[OPINION] The SDCC Outrage Is Getting Out Of Control

Deadpool Duck from SDCC, picture courtesy of Brickset

It seems every time Lego does something at San Diego Comic Con, a mob forms. Well, two kinds of mobs. There’s the small mob of Con goers who charge like stampeding rhinos to scoop up eight grams of molded plastic, and then there’s the internet mob of angry people who rant and rave about the “horrible figures” and the “horrible after-market eBay prices.”

Granted, this is a gross generalization – I’ve seen people on both sides handle this like mature and reasonable people. Then again, it seems the problem is getting worse and worse each year.

First, I want to slash down the argument that Lego should stop the exclusive minifigures. What many Lego fans forget to realize is that San Diego Comic Con is an exclusive event, and every other company and organization and studio that is there is handing out exclusive tokens. It is not unreasonable for a special event to treat its special guests in a special way. What the Lego community does not understand is that not everything about Lego’s presence at Comic Con is about the fans – a good portion is about the fans who visited Lego at Comic Con.

Vixen from SDCC, picture courtesy of Brickset

Think about it for just a second – the SDCC Lego fans are fans who have deliberately taken time to interact with Lego at the event, at the expense of tickets, line-waiting, and sometimes travel expenses, airfare, accommodations, etc. It’s a big event and for the fans who take the time to interact with Lego, it does not seem unreasonable for them to walk away with a special token commemorating their time.

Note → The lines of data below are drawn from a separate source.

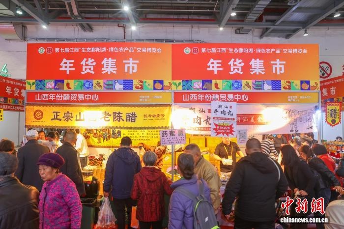 中新社南昌1月16日電 (記者 吳鵬泉)湖南新化紅茶、山西老陳醋、江西贛南臍橙……第七屆江西“生態(tài)鄱陽湖·綠色農(nóng)產(chǎn)品”交易博覽會(簡稱“江西農(nóng)博會”)16日在南昌開幕,逾800家展商攜6000余款產(chǎn)品參展,攪熱江西年貨市場。
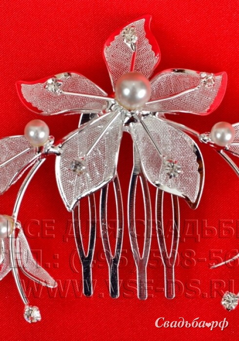 Арт.116-050 Украшения для невесты: Гребень цветок малый со стразами
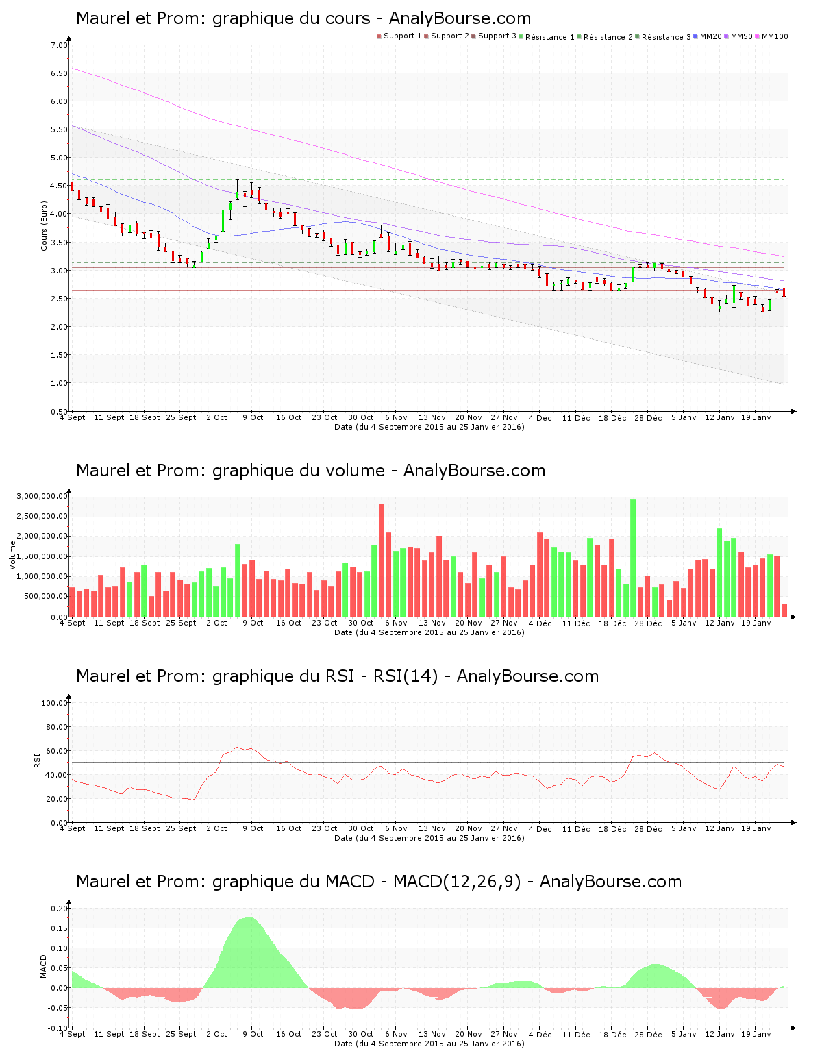 Le MACD est plutôt stable ce lundi. L’indicateur MACD est passé en terrain positif ce lundi 25 janvier, ce qui peut caractériser un commencement d’une trajectoire haussière sur la durée pour l’action Maurel et Prom.
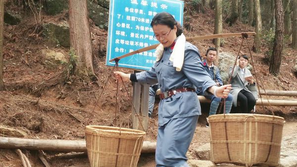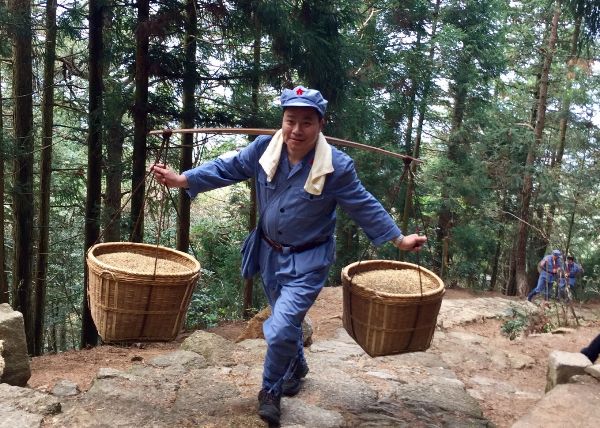 在体验式教学环节,学员们重走红军路和朱毛红军挑粮小道,学员们挥汗如雨,体验井冈山根据地军民生活的艰辛和斗争的残酷,也同时在心灵上接受红军“艰苦奋斗、身先士卒”精神的洗礼。
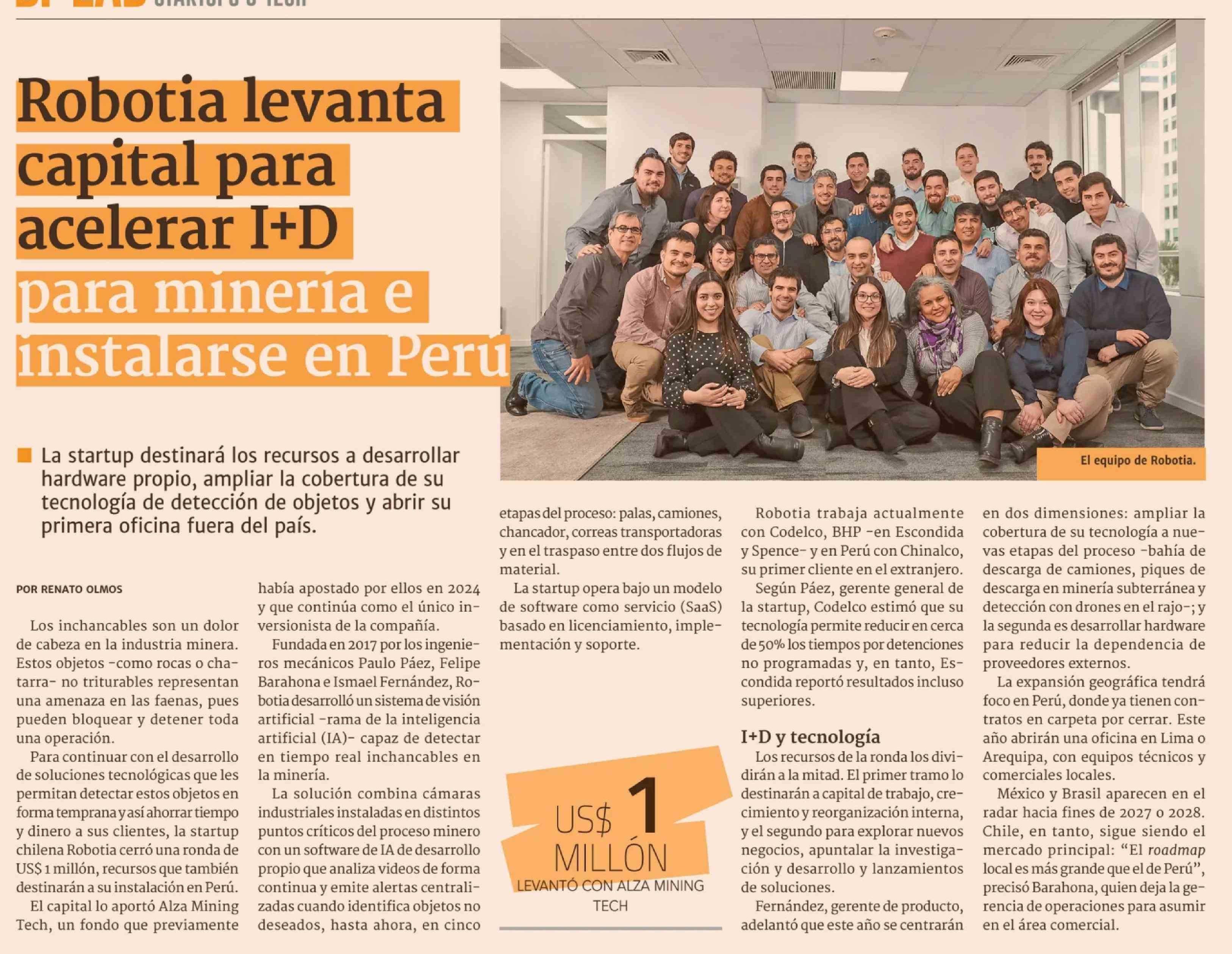 Robotia levanta capital para acelerar I+D para mineria e instalarse en Peru
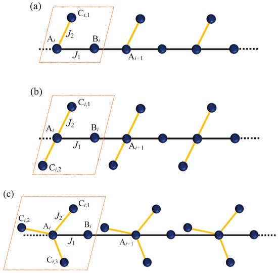 Schematic structure of the spin-1/2 XXX Heisenberg model on the branched chains (a)  with one, (b)  with two, and (c)  with three intra-chain interactions .  denotes inter-chain interaction. In each case, the dotted rectangle indicates a unit cell that uniformly repeats throughout the chains. Solid balls labeled as A, B, and C represent spin-1/2 particles in a unit block, and the balls marked with  indicate the side spins.
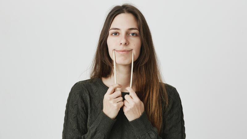 The use of a chopstick to create a smile is widespread in the service industry of the People’s Republic of China. The chopstick is placed as far back as possible to push up the corners of the mouth and display the teeth.
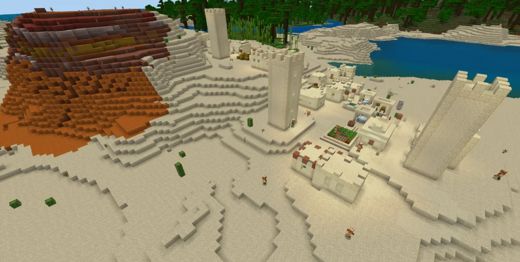 This Minecraft seed is perfect for a quick start because it places you right in front of a picturesque desert village. You will have immediate shelter and supplies, allowing you to start trading and mining quickly. This is one of the best seeds for minimizing early-game struggle.

In simple terms: it’s not all about you.

My hands are not entirely clean when it comes to SDCC ranting – I was very unhappy with 2016’s ATOM minifigure from the DC CW shows. It was only when I sat down and asked myself why I was so freaking upset that I realized I was making a big deal over something not so significant. I’ve had my fair share of turning down Lego sets because I could not afford them, or realizing there and then was not the place or time. There are hundreds of minifigures I’ve missed out on, and the ATOM was one such minifigure. I know Lego will probably not produce another one like it, but I can live with that.

I don’t need one more minifigure, let alone one more SDCC minifigure, as much as I tell myself I do.

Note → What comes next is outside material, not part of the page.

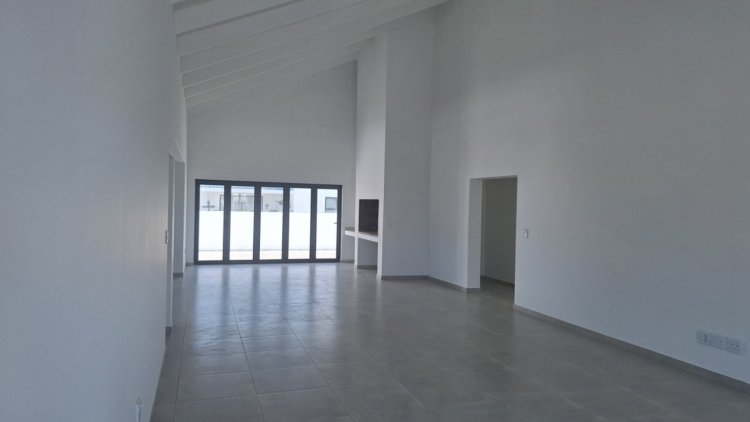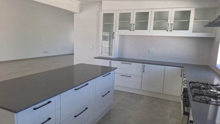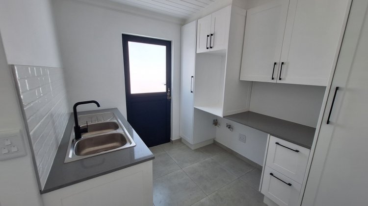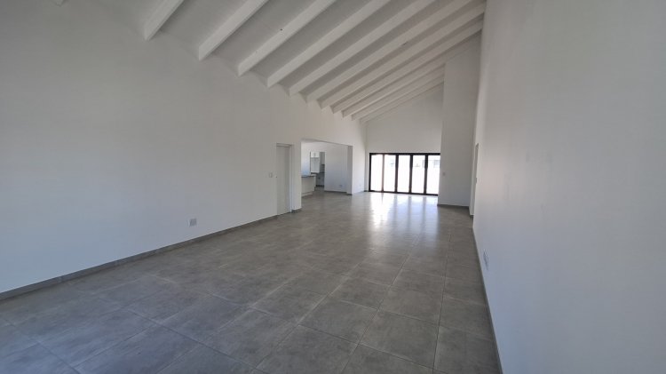 The open-plan living and dining area is enhanced by high-pitched ceilings, creating a bright, airy space ideal for everyday living. The kitchen includes a walk-in pantry and separate scullery, keeping the main area clean and functional for hosting or family use.
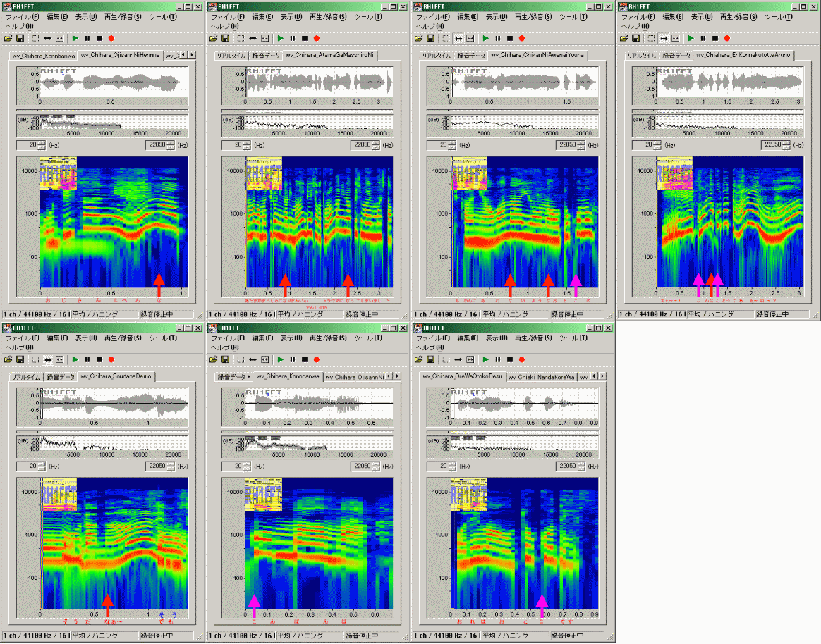 4-2の「こ」は、やや低めの声で千秋役の「こ」に似ており、特性も良く似ています。4-1, 4-3, 4-4は高めの声(4-3, 4-4は驚いたときの声)であり、別の特性となっています。4-1と4-4では後者が高めに聞こえますが、特性は割と似て見えます。4-3では右上がりの抑揚のため、基音&倍音が右上がりに変化しているのが見えます。

That experience changed how I viewed this years’ Vixen minifigure, yet another character I enjoyed from the DC CW shows. Instead of ranting about why I cannot have it, I’ve decided to be happy for the SDCC goers who got one. I’m sincerely happy you had a good time and have something to commemorate the event. Would I like one? Yes. Am I going to storm around the web raving about why the whole system is horrible? No.

Finally, one more dose of savagery – or insight, your choice. Lego does not owe you a thing just because you’re a fan. That’s right, Lego does not owe you anything because you engaged in a monetary transaction for a box of bricks and minifigures. Lego does have a right to thank engagers – the VIP producers, the Ambassadors, the event attenders, and, yes, the SDCC goers. Lego does not owe, or have to give, the regular fans a chance to get a piece of the action at SDCC. In fact, the Twitter giveaways are generosity in and of themselves, yet people still complain about the exclusivity!

Truly, it is sad to think that some people allow eight grams of specially printed plastic to ruin their day.

I won’t take the time to go into after-market eBay “scalping” as that is another animal of its own. I understand there will still be angry, frustrated, people after reading this who will disagree vehemently.

I don’t need one more minifigure, let alone one more SDCC minifigure, as much as I tell myself I do.

My dad always gave me an eye roll when I mentioned how I wanted to get (insert exclusive set) and always said “funny how everything’s an exclusive …” It’s a comment that, to my shame, I’ve mocked on occasion. He was right, though – there’s always a new exclusive, a new trinket for fans to emotionally attach to as they lament the struggle of getting it. But then again, when was Lego so much about collecting trinkets as it was creativity, inspiration, community, and the joy of creating and innovating with what you have in front of you?

Maybe that’s worth much more than a $299.95 after market Deadpool Duck or a $170.00 ATOM.